IRS Section 179
Under IRS Section 179, equipment purchases, up to
$100,000, can be expensed (deducted from taxable income) if installed by
December 31st. Finance leases ($1.00 buyout) qualify for this deduction in
their year of inception. The 2003 law quadruples the amount of qualified
property that can be expensed under IRS Section 179 from $24,000 to
$100,000 for tax years 2003, 2004, and 2005. Qualifying property now also
includes off-the-shelf computer software.
Any purchase in excess of $400,000 (2004 threshold)

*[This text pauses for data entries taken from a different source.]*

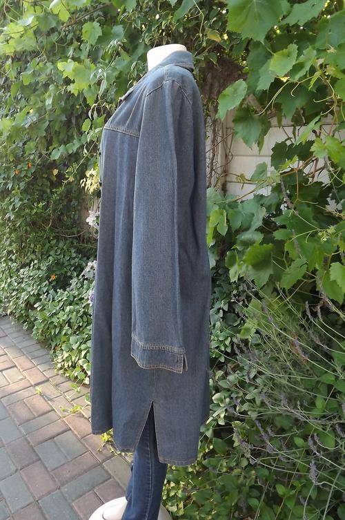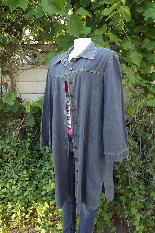 Denim Mia-Tiana long jacket.Button down front.Size 44/20.Yoked front.Slitted sides.Shirt type collar
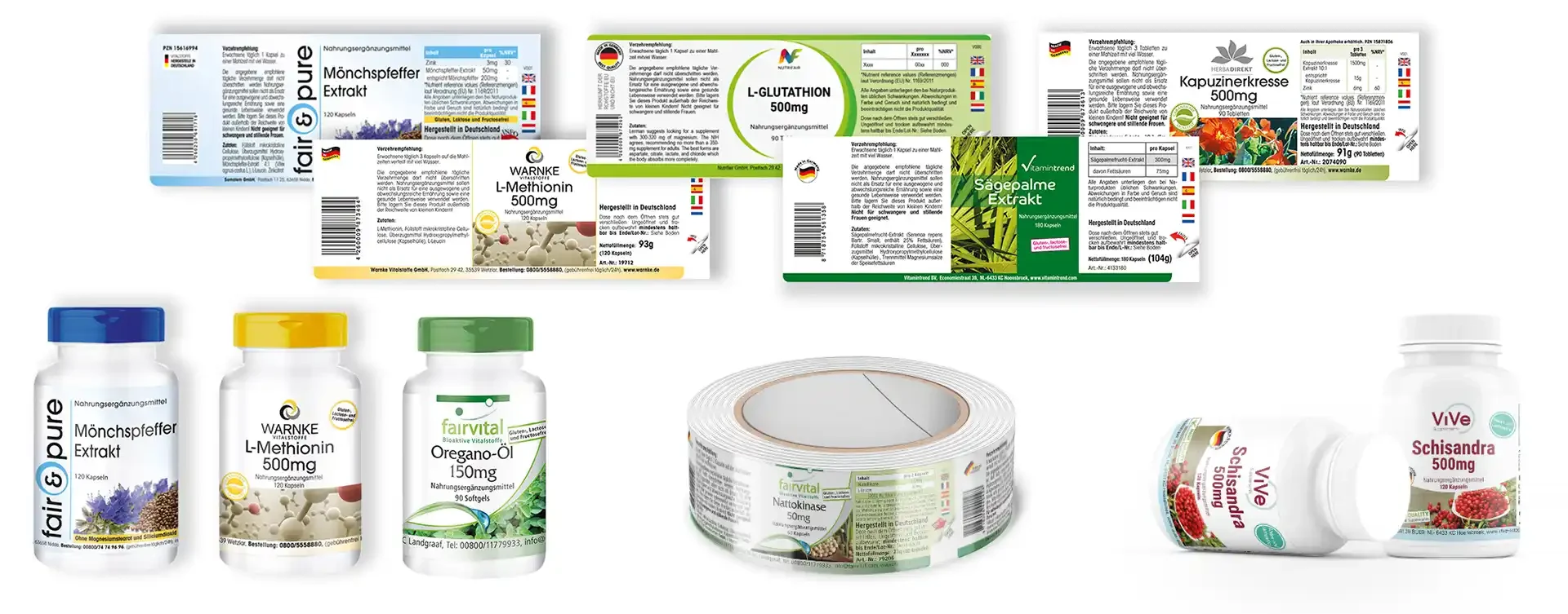 Wir bieten Ihnen auch Etiketten oder Verpackungsdesign für Ihre Produkte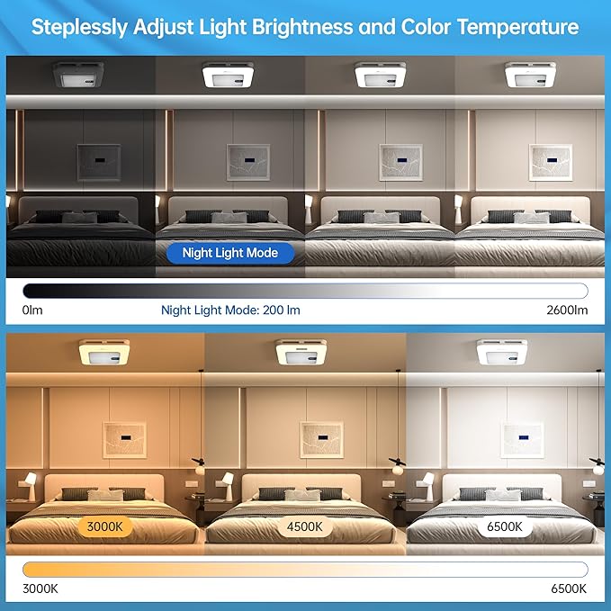 - Stepless Dimming & Nightlight: The HAWKROWN bathroom exhaust fan with light of stepless three color temperatures and nightlight. You can adjust 3000K, 4500K, or 6500K color temperatures and adjust brightness with stepless dimming based on your needs. It is also equipped with a 200lm nightlight that provides soft illumination to help navigate safely in the dark while creating a comfortable sleep environment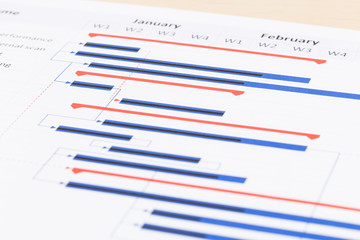 Engineering or project management workflow concept. A site manager reviews a Gantt chart to monitor task planning and progress using scheduling software - part of a corporate construction and operatio

reduces the $100,000 Section 179 limit. For example, if you purchase
$410,000 in qualifying property, the Section 179 deduction is limited to
$90,000.
The total cost of property that may be expensed for
any tax year cannot exceed the total amount of taxable income (determined
after application of the investment limitation) derived from the active
conduct of any trade or business during the tax year. Costs disallowed
under this rule may be carried forward an unlimited number of years subject
to the ceiling amount for each year.
The maximum amount of asset cost that can be
expensed by year is:
• $100,000 for 2004 and 2005
• $ 25,000 for following years
For
example, if you purchase or lease a piece of equipment for $45,000 and
install it in 2004, you are eligible to take a $45,000 tax deduction in the
respective year.
*Contact your tax advisor for specific information
regarding IRS Section 179 and all accounting procedures.
Job and Growth Tax Relief Reconciliation Act of
2003
Under the Job and Growth Tax Relief Reconciliation
Act of 2003 (JGTRRA) there is a 50% Depreciation Bonus for qualified
capital investments by businesses, on equipment placed in service through
the end of calendar year 2004. This is an increase from the 30% allowed
under the Job Creation and Workers Assistance Act of 2002.
Highlights of the tax changes as it affects
equipment purchases:
1.
JGTRRA allows
taxpayers to claim an additional first-year depreciation allowance equal to
50% of the adjusted basis of qualified property.*
2.
Equipment must
be acquired and placed in service before 12/31/2004.
3.
Taxpayers may
elect to employ a 30% depreciation rate in lieu of the increased 50% rate.
Qualified property is tangible, personal property
with a MACRS recovery period of 20 years or less.
Please consult your tax advisor regarding this
accelerated depreciation opportunity and all accounting procedures.